Records provided
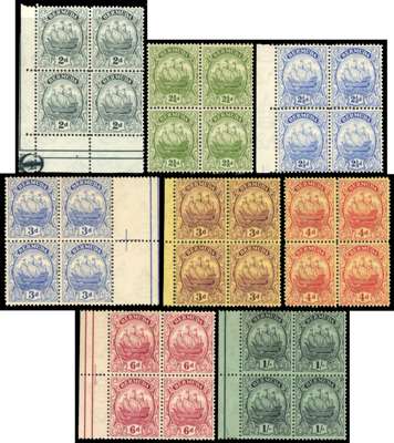 1910-34 ‘Caravel’ collection on stock pages, comprising 1910-25 set to 1s incl most Part 1 listed shades and a few blocks of 4 to 4d, 1918-20 War Tax 1d x3, 1922-34 set to 1s incl Part 1 listed shades (apparently complete but unchecked) plus set of 12 in blocks of 4, cond varies but generally fine large part o.g. to o.g. SG44/51a, 56/58, 77/87a, cat £814+
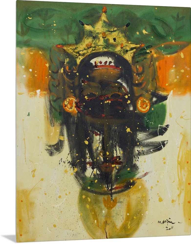 <p>In this painting I portray the god who according to Balinese beliefs brings prosperity to every peaceful and happy soul, Mohammad Arifin says of this painting. Working with oils, he depicts his own version of what the deity could look like. In Bali, people believe the god of prosperity heals those suffering from illness. Some may pray to him up to three times a day. Titled Wajah Dewa Kemakmuran in Bhasa.</p>
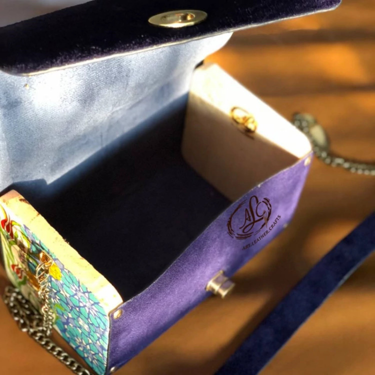 کیف رودوشی زنانه طرح گل وسنت با قابلیت اضافه کردن بند دستی چرم طبیعی گاوی درجه یک تماما دستدوز است که در کناره کیف از چوب نراد طراحی شده توسط تیم چرم خلاق استفاده شده که روی چوب ها نقاشی دست با رنگ آکرولیک کار شده و تمامی چوب ها دارای پوشش نانو ضد آب و خش است.
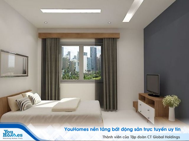 Sau những giờ làm việc mệt mỏi thì không gian phòng ngủ khá quan trọng để đem lại những giấc ngủ ngon cho gia chủ. Những bức tường trắng tạo nên sự liền mạch, phóng khoáng, rộng rãi cho không gian, mang đến vẻ đẹp thuần khiết, tinh khôi một cách triệt để nhất. Một điều quan trọng nữa, so với các gam màu khác, thì màu trắng sẽ tạo cho căn phòng một vẻ đẹp gọn gàng, thoáng sáng. Tạo điểm nhấn cho căn phòng là bức tường màu xám đậm cùng với kệ tivi gỗ tiện lợi. Cửa sổ nhỏ cung cấp ánh sáng cho cả căn phòng. Rèm cửa màu đậm nổi bật giúp tùy chỉnh ánh sáng phù hợp.
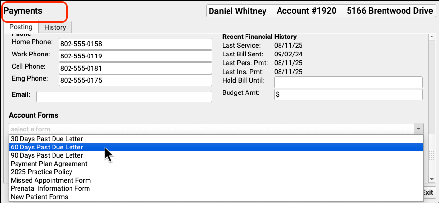In addition to balance details, the printout includes your practice’s information as well as the date it was generated.

Activity
Begin with the line that has "<p>In this painting" and continue to the last line of the entries, printing each line exactly and nothing else; include both ends and skip the pictures.

Result of this task
 <p>In this painting I portray the god who according to Balinese beliefs brings prosperity to every peaceful and happy soul, Mohammad Arifin says of this painting. Working with oils, he depicts his own version of what the deity could look like. In Bali, people believe the god of prosperity heals those suffering from illness. Some may pray to him up to three times a day. Titled Wajah Dewa Kemakmuran in Bhasa.</p>
 کیف رودوشی زنانه طرح گل وسنت با قابلیت اضافه کردن بند دستی چرم طبیعی گاوی درجه یک تماما دستدوز است که در کناره کیف از چوب نراد طراحی شده توسط تیم چرم خلاق استفاده شده که روی چوب ها نقاشی دست با رنگ آکرولیک کار شده و تمامی چوب ها دارای پوشش نانو ضد آب و خش است.
 Sau những giờ làm việc mệt mỏi thì không gian phòng ngủ khá quan trọng để đem lại những giấc ngủ ngon cho gia chủ. Những bức tường trắng tạo nên sự liền mạch, phóng khoáng, rộng rãi cho không gian, mang đến vẻ đẹp thuần khiết, tinh khôi một cách triệt để nhất. Một điều quan trọng nữa, so với các gam màu khác, thì màu trắng sẽ tạo cho căn phòng một vẻ đẹp gọn gàng, thoáng sáng. Tạo điểm nhấn cho căn phòng là bức tường màu xám đậm cùng với kệ tivi gỗ tiện lợi. Cửa sổ nhỏ cung cấp ánh sáng cho cả căn phòng. Rèm cửa màu đậm nổi bật giúp tùy chỉnh ánh sáng phù hợp.
In addition to balance details, the printout includes your practice’s information as well as the date it was generated.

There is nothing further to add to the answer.